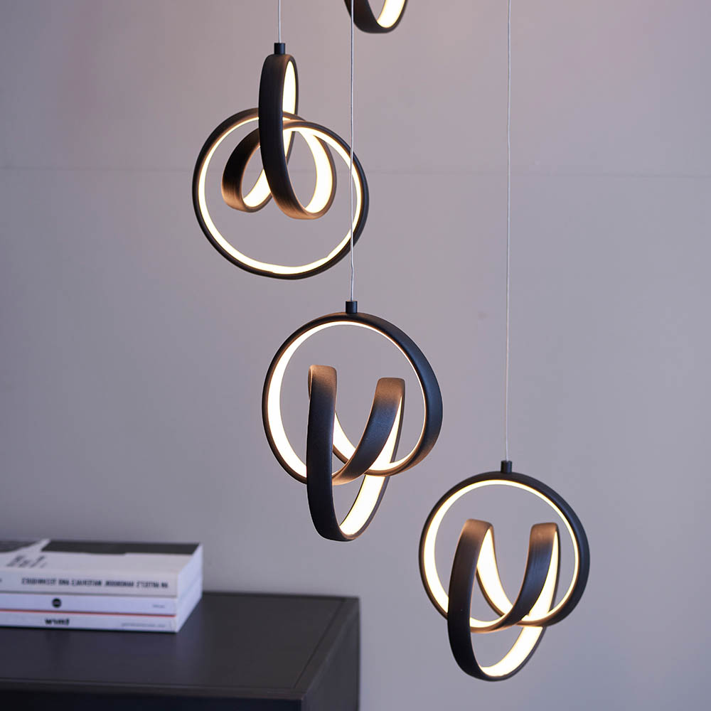 LED 8 light pendant with textured matt black finish. Intriguing swirling loops effortlessly suspend from clear flex lengths that can be adjusted in height to create a contemporary statement pendant. Dimmable when twinned with a trailing edge dimmer switch. Textured black painted metalwork Height adjustable 35cm – 175cm clear flex lengths 8 x 13.6W integrated LED – 3500 lumens 3,000k warm white Dimmable when twinned with a trailing edge dimmer switch
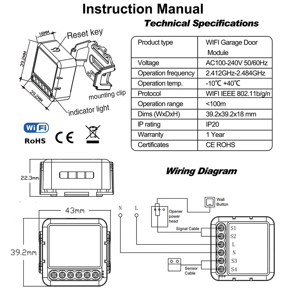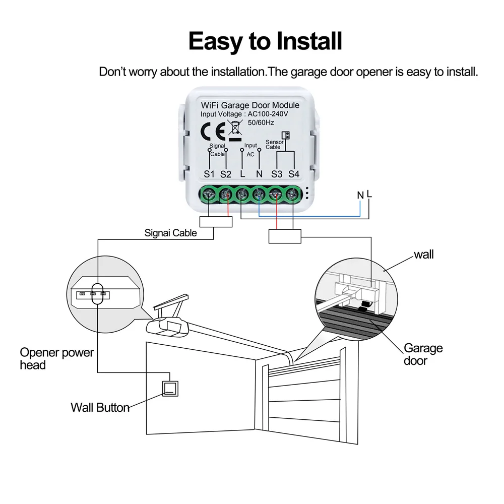 1. Asegúrese de que haya un interruptor externo en la puerta de su garaje, de lo contrario no se podrá instalar el módulo de interruptor. Si la puerta del garaje se puede controlar mediante un interruptor y un controlador externos, también puede instalar el módulo.
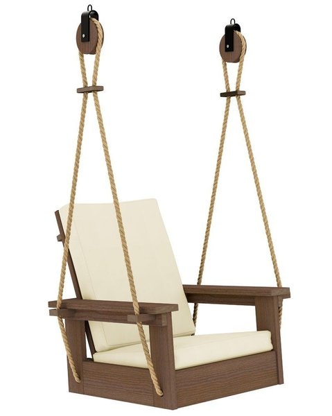 Meet the Amish Forest Modern Poly Single Porch Swing with Cushions — where timeless Amish craftsmanship meets playful, personal comfort. Handcrafted in the USA, this single-seat swing gives kids and adults their cozy spot to sway, dream, or just take in the view. Whether you hang one as a statement piece or several to create a fun swing lounge, each one turns your porch or patio into a place for joy and relaxation. Made from eco-friendly poly lumber that looks like wood but won’t crack, splinter, or fade, this swing is designed for years of carefree enjoyment. Plush outdoor cushions add soft, sink-in comfort, while the curved back and smooth edges support hours of peaceful swinging. With stainless steel hardware and durable hanging ropes included, setup is easy and maintenance is minimal — just wash with mild soap and water when needed. Choose your favorite poly color and cushion fabric to match your home’s personality — bright and bold for a playful vibe, or subtle and natural for a relaxed, modern look. Add a few in different colors to create a unique, cheerful outdoor space that your guests (and kids!) will love. Perfect for porches, decks, or gardens, the Forest Modern Single Swing offers a personal retreat that fits anywhere. It’s more than just a seat — it’s a moment of happiness, handcrafted to last a lifetime. Order one or mix and match a few to build your very own swing haven. Bring the fun home — order your Amish Forest Modern Poly Single Porch Swing today and create an outdoor space where everyone can swing, relax, and smile.See more products from this woodshop: Heritage Patio Furniture Collection
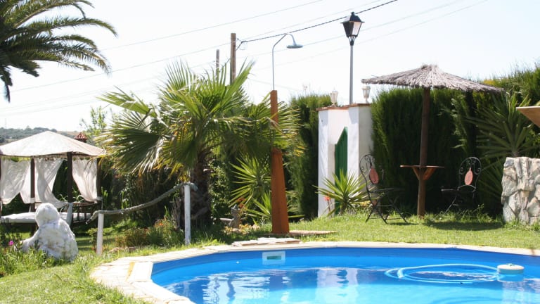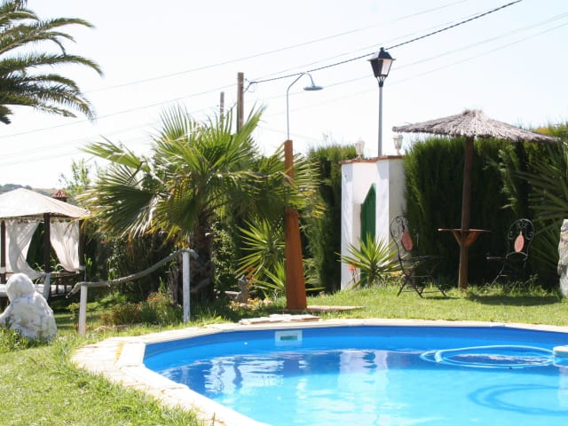 Die Finca in andalusischem Stil liegt in einer gepflegten Gartenanlage mit Pool, der den Gästen zur Verfügung steht. Vom Turmzimmer mit seiner Dachterrasse aus, hat man einen traumhaften Blick über das Campo de Vejer de la Frontera.
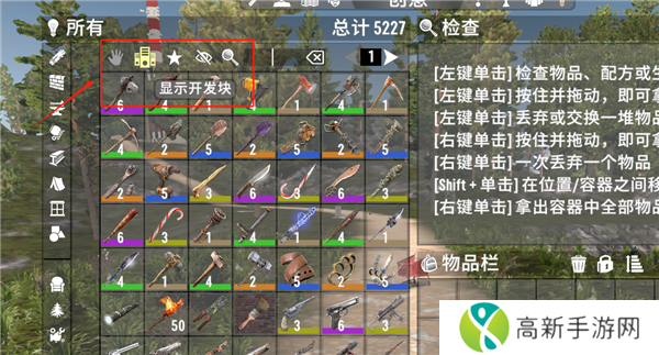 2、每种物品都有自己的品质,这个时候可以选中左上角的:显示开发块,就可以进行游戏品质的刷新了~
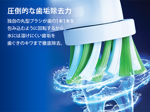 - Sức mạnh loại bỏ mảng bám áp đảo: Đầu bàn chải tròn độc đáo xoay tròn để bao bọc lấy từng kẽ răng, loại bỏ triệt để các mảng bám khó tan trong nước, tận đến tận các kẽ hở của nướu.
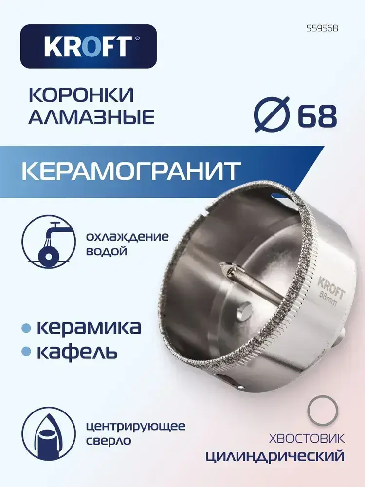 Коронка алмазная 68 мм по керамике цилиндричиский хвостовик KROFT
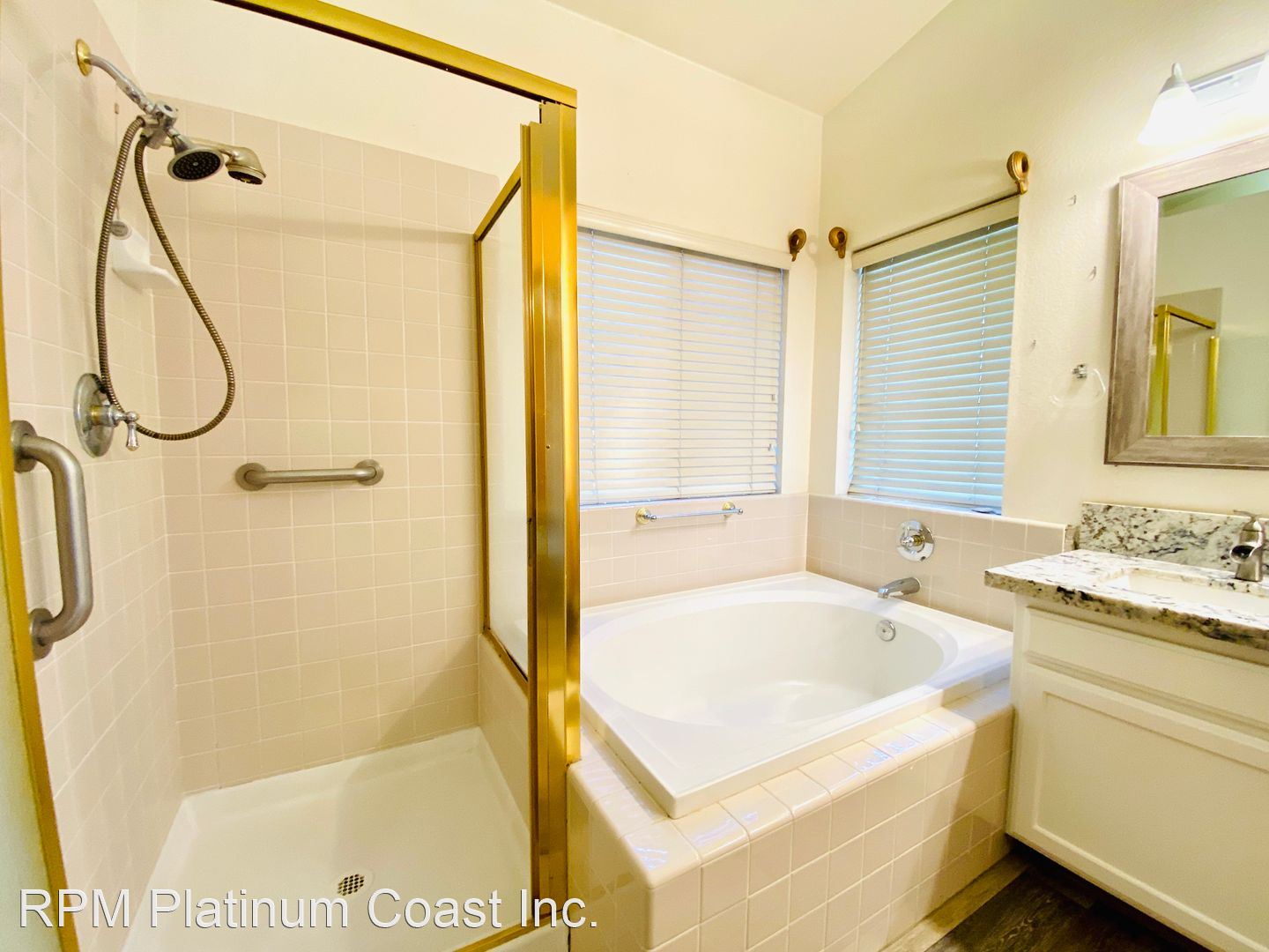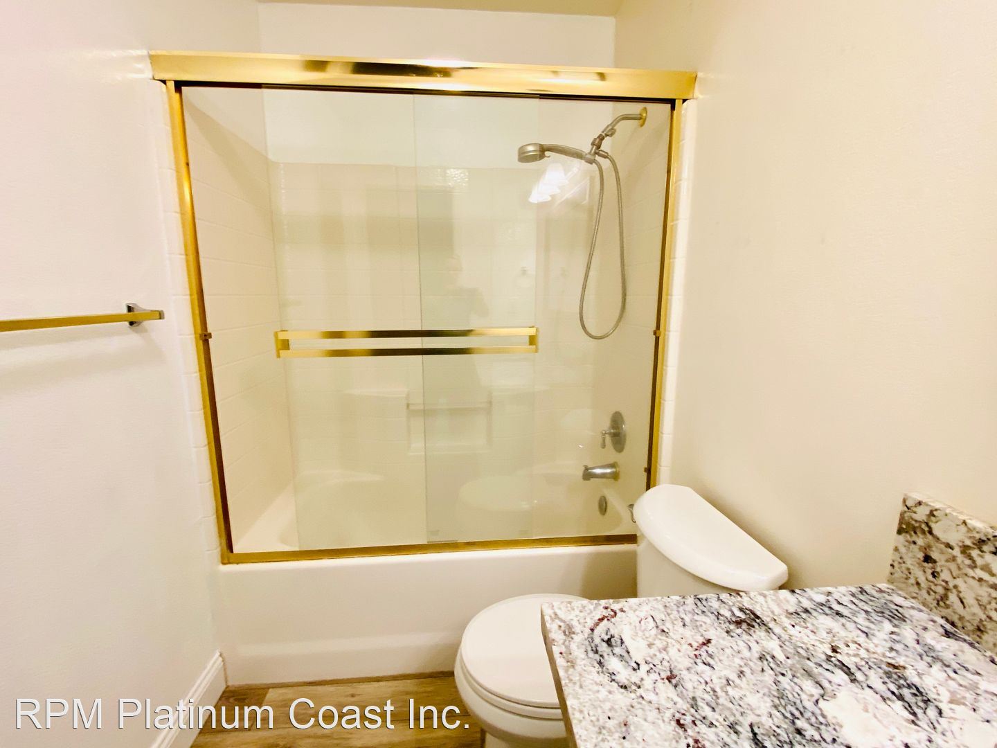 Guest bathroom has granite counters and tub/ shower combo.
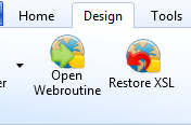 On the Design ribbon, you can use the Restore XSL dialog to restore the previous verified XSL or continue editing. - If necessary, correct any errors in your XSL and save the changes to the HideMain web page.
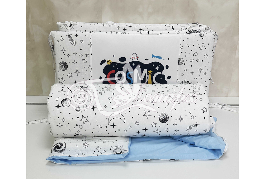 Бортики СО СЪЕМНЫМИ ЧЕХЛАМИ в кроватку: защитят Вашего малыша от ушибов, сквозняков, солнечных лучей и не дадут малышу запутаться в прутьях кроватки. - Простыня на резинке 60х120 см (подходит для стандартной кроватки)
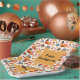 Paper plates with a seasonal fall pattern, Corn, mushrooms and flora. Along with turkeys and scarecrows to honour the Thanksgiving tradition.
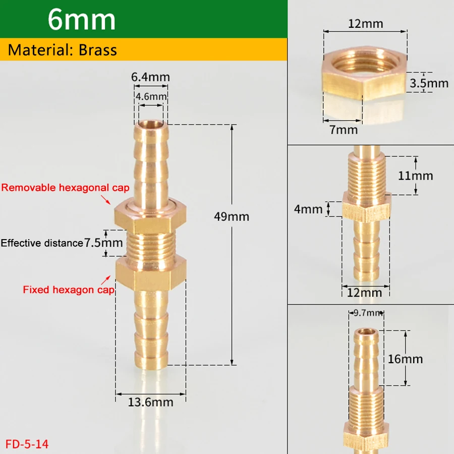 Внутренний диаметр шланга: 6/8/10/12/14/16 Барб
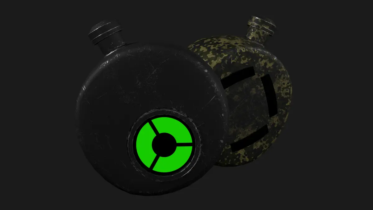 Discover a battle-worn water bottle. The model is made for gamedev, polygon count is preserved as low as possible with containing as much detail as user may see.Texture set provides 3 different emission maps for different levels of battery charge, which is displayed onthe front face of the bottle.Polygon count: 1384Vertices count: 1416If needed, you can contact me and I'll remodel or retexture it for your specific purposes.Formats: FBX, Obj, Blend, StlTexture resolution: 4096x4096. Texture format: PNG.
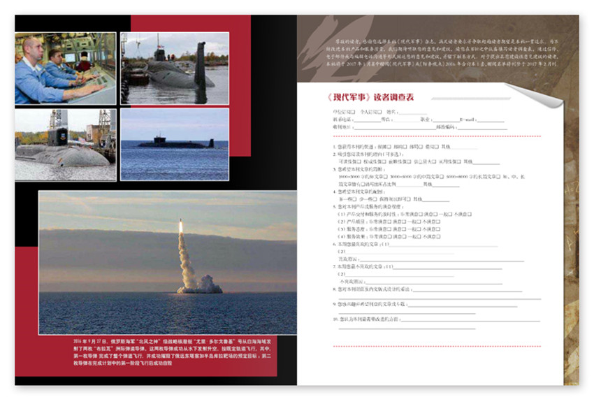 《現(xiàn)代軍事》雜志始終堅(jiān)持以“傳播軍事信息、普及國防教育、交流軍事技術(shù)、促進(jìn)武器裝備建設(shè)、為國防現(xiàn)代化服務(wù)”為辦刊宗旨,以其性、導(dǎo)向性、理論性、前瞻性、可讀性,深受軍事、政治、經(jīng)濟(jì)研究人員、軍工貿(mào)人員、部隊(duì)官兵以及廣大軍事愛好者的喜愛,已成為國內(nèi)外有影響的、我軍武器裝備與軍事技術(shù)領(lǐng)域的性軍事期刊。
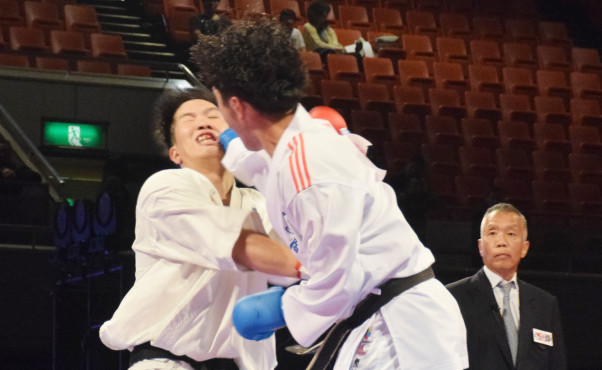 プロボクシングでも実績のある正道会館姫路支部の樫村公治が延長で上段突きを入れ勝利
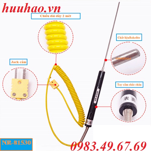 - Đầu dò nhiệt độ NR-81530 là loại đầu dò cặp nhiệt điện bề mặt được thiết kế để đo nhiệt độ bề mặt của môi trường rắn ở nhiều hình dạng khác nhau, cũng như để đo nhiệt độ bên trong chất lỏng, khí và cao su. Chúng được sử dụng rộng rãi và không bị giới hạn bởi hình dạng bề mặt của vật thể. Chúng có trọng lượng nhẹ và dễ dàng mang theo, đặc biệt là tại nơi chế biến. Áp dụng, sử dụng rộng rãi trong dệt may, in và nhuộm, giấy, nhựa, cao su và trong kiểm tra nhiệt độ thực phẩm, dầu các chất lỏng khác, đo khí.

★ ★ ★ ★

#### EXERCISE BRIEF:
Your copy of the listing should match it exactly, apart from the pictures, which are left out.

#### ANSWER TO THE PROBLEM:
 LED 8 light pendant with textured matt black finish. Intriguing swirling loops effortlessly suspend from clear flex lengths that can be adjusted in height to create a contemporary statement pendant. Dimmable when twinned with a trailing edge dimmer switch. Textured black painted metalwork Height adjustable 35cm – 175cm clear flex lengths 8 x 13.6W integrated LED – 3500 lumens 3,000k warm white Dimmable when twinned with a trailing edge dimmer switch
 1. Asegúrese de que haya un interruptor externo en la puerta de su garaje, de lo contrario no se podrá instalar el módulo de interruptor. Si la puerta del garaje se puede controlar mediante un interruptor y un controlador externos, también puede instalar el módulo.
 Meet the Amish Forest Modern Poly Single Porch Swing with Cushions — where timeless Amish craftsmanship meets playful, personal comfort. Handcrafted in the USA, this single-seat swing gives kids and adults their cozy spot to sway, dream, or just take in the view. Whether you hang one as a statement piece or several to create a fun swing lounge, each one turns your porch or patio into a place for joy and relaxation. Made from eco-friendly poly lumber that looks like wood but won’t crack, splinter, or fade, this swing is designed for years of carefree enjoyment. Plush outdoor cushions add soft, sink-in comfort, while the curved back and smooth edges support hours of peaceful swinging. With stainless steel hardware and durable hanging ropes included, setup is easy and maintenance is minimal — just wash with mild soap and water when needed. Choose your favorite poly color and cushion fabric to match your home’s personality — bright and bold for a playful vibe, or subtle and natural for a relaxed, modern look. Add a few in different colors to create a unique, cheerful outdoor space that your guests (and kids!) will love. Perfect for porches, decks, or gardens, the Forest Modern Single Swing offers a personal retreat that fits anywhere. It’s more than just a seat — it’s a moment of happiness, handcrafted to last a lifetime. Order one or mix and match a few to build your very own swing haven. Bring the fun home — order your Amish Forest Modern Poly Single Porch Swing today and create an outdoor space where everyone can swing, relax, and smile.See more products from this woodshop: Heritage Patio Furniture Collection
 Die Finca in andalusischem Stil liegt in einer gepflegten Gartenanlage mit Pool, der den Gästen zur Verfügung steht. Vom Turmzimmer mit seiner Dachterrasse aus, hat man einen traumhaften Blick über das Campo de Vejer de la Frontera.
 2、每种物品都有自己的品质,这个时候可以选中左上角的:显示开发块,就可以进行游戏品质的刷新了~
 - Sức mạnh loại bỏ mảng bám áp đảo: Đầu bàn chải tròn độc đáo xoay tròn để bao bọc lấy từng kẽ răng, loại bỏ triệt để các mảng bám khó tan trong nước, tận đến tận các kẽ hở của nướu.
 Коронка алмазная 68 мм по керамике цилиндричиский хвостовик KROFT
 Guest bathroom has granite counters and tub/ shower combo.
 On the Design ribbon, you can use the Restore XSL dialog to restore the previous verified XSL or continue editing. - If necessary, correct any errors in your XSL and save the changes to the HideMain web page.
 Бортики СО СЪЕМНЫМИ ЧЕХЛАМИ в кроватку: защитят Вашего малыша от ушибов, сквозняков, солнечных лучей и не дадут малышу запутаться в прутьях кроватки. - Простыня на резинке 60х120 см (подходит для стандартной кроватки)
 Paper plates with a seasonal fall pattern, Corn, mushrooms and flora. Along with turkeys and scarecrows to honour the Thanksgiving tradition.
 Внутренний диаметр шланга: 6/8/10/12/14/16 Барб
 Discover a battle-worn water bottle. The model is made for gamedev, polygon count is preserved as low as possible with containing as much detail as user may see.Texture set provides 3 different emission maps for different levels of battery charge, which is displayed onthe front face of the bottle.Polygon count: 1384Vertices count: 1416If needed, you can contact me and I'll remodel or retexture it for your specific purposes.Formats: FBX, Obj, Blend, StlTexture resolution: 4096x4096. Texture format: PNG.
 《現(xiàn)代軍事》雜志始終堅(jiān)持以“傳播軍事信息、普及國防教育、交流軍事技術(shù)、促進(jìn)武器裝備建設(shè)、為國防現(xiàn)代化服務(wù)”為辦刊宗旨,以其性、導(dǎo)向性、理論性、前瞻性、可讀性,深受軍事、政治、經(jīng)濟(jì)研究人員、軍工貿(mào)人員、部隊(duì)官兵以及廣大軍事愛好者的喜愛,已成為國內(nèi)外有影響的、我軍武器裝備與軍事技術(shù)領(lǐng)域的性軍事期刊。
 プロボクシングでも実績のある正道会館姫路支部の樫村公治が延長で上段突きを入れ勝利
 - Đầu dò nhiệt độ NR-81530 là loại đầu dò cặp nhiệt điện bề mặt được thiết kế để đo nhiệt độ bề mặt của môi trường rắn ở nhiều hình dạng khác nhau, cũng như để đo nhiệt độ bên trong chất lỏng, khí và cao su. Chúng được sử dụng rộng rãi và không bị giới hạn bởi hình dạng bề mặt của vật thể. Chúng có trọng lượng nhẹ và dễ dàng mang theo, đặc biệt là tại nơi chế biến. Áp dụng, sử dụng rộng rãi trong dệt may, in và nhuộm, giấy, nhựa, cao su và trong kiểm tra nhiệt độ thực phẩm, dầu các chất lỏng khác, đo khí.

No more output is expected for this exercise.